Generative engine optimization (GEO) is the practice of structuring digital content so that it is accurately surfaced, correctly attributed, and meaningfully cited by AI-powered search systems, including ChatGPT Search, Perplexity, Claude, and Google’s AI Overviews.

The difference between GEO and SEO

Traditional SEO optimizes for how a crawler indexes and ranks a page. GEO optimizes for how an AI model understands, summarizes, and credits that page when generating an answer. The signals are related but not identical. Both reward clear, well-organized content with strong factual grounding, but GEO places additional weight on structured data, semantic markup, machine-readable content indexes, and context that helps a model attribute a claim to the right source.

The connection between accessibility and GEO

Accessible and GEO-optimized web content shares more in common than most practitioners expect.

Descriptive alt text

Alt text written for screen readers is also the natural language description that an AI model reads when it encounters an image. Good alt text serves both audiences.

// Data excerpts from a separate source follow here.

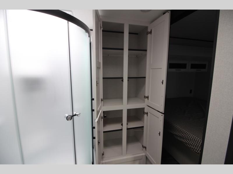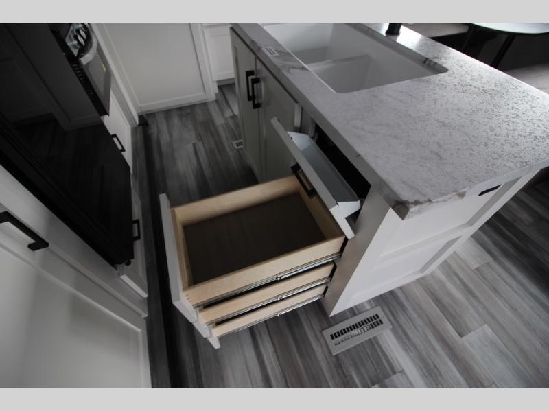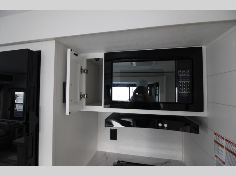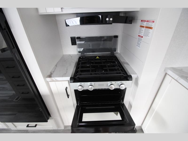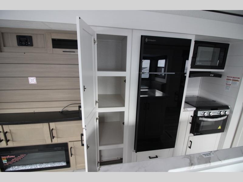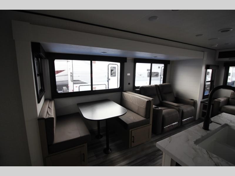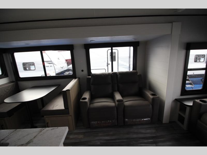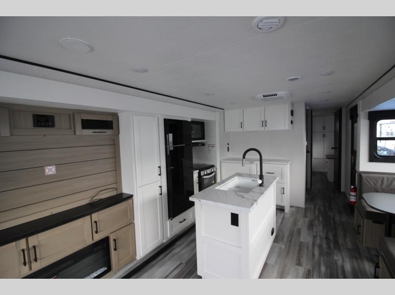 Enjoy a relaxing weekend getaway in this travel trailer! The dual entry bathroom with radius shower creates a front master suite with a queen bed slide, a dresser, and a front large wardrobe with storage space plus washer and dryer prep. The chef will have an easy time preparing their best home cooked meals with the kitchen island, hutch, three burner cooktop, and 12V refrigerator. Enjoy your meals at the booth dinette then play a card game or transform it into an extra sleeping space. The rear living area has a rear Jack-knife sofa for a quick afternoon nap and theater seating across from the entertainment center with a fireplace for the perfect spot on movie night!
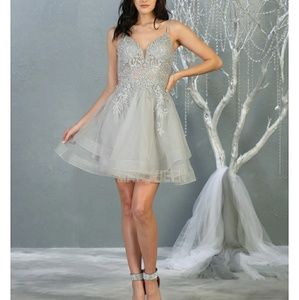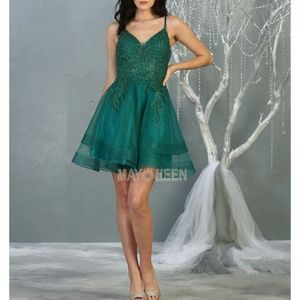 Beautiful short formal evening dress with lace applique and open back. Sizes 2 4 6 8 10 12 14 16 18 20. View the highlighted sizes in green in the photos section with the bust ,waist and hip measurements underneath each size. Colors available are baby blue, burgundy, hunter green, mauve, royal blue, or silver. When ordering put the color you want in the comment section.
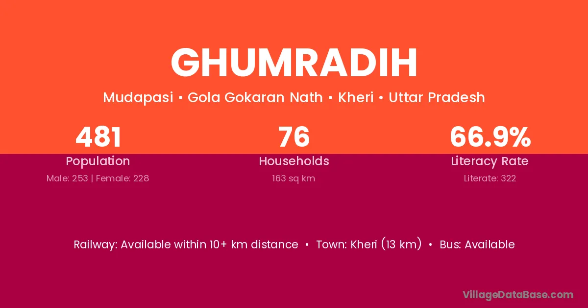 Kheri (13 km) is the nearest town to Ghumradih village for major economic activities and is located approximately 13 km away.
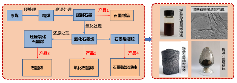 煤基石墨烯系列产品是以煤炭作为原料,通过对原煤进行预处理后再经过高温石墨化得到煤基石墨,然后利用化学氧化、还原方法制备煤基氧化石墨烯、煤基石墨烯以及煤基石墨烯宏观体材料等。根据产品特性差异可用作储能电池负极材料、催化剂和助催化剂以及各种导热、润滑、防腐特种材料的添加剂。煤基石墨烯系列产品技术主要优势在于将廉价煤炭用于生产高附加值的石墨烯材料,具有明显的经济优势和产品优势。

Semantic HTML and heading structure

A logical heading hierarchy helps both screen reader users and AI crawlers understand a page’s structure and relative importance. Heading structure is a signal; visual styling is not.

Clear, specific language

Content written in plain language with specific, verifiable claims is easier for both people with cognitive disabilities and AI models to process accurately.

Structured data markup

Schema.org markup gives AI crawlers explicit, machine-readable context. This is also a best practice for assistive technology compatibility.

llms.txt: the practical GEO implementation

A growing practice is publishing an llms.txt file at the site root, a curated, Markdown-formatted index that tells AI crawlers what content is worth citing and how the site is organized. accessiBe publishes /llms.txt and /llms-full.txt as part of its platform strategy. The llms.txt file provides AI search systems with a curated map of hub content. The full companion provides a Markdown concatenation of hub pages; the format AI models process most reliably. One file at the site root, maintained alongside content updates, meaningfully improves how AI search represents accessiBe’s platform.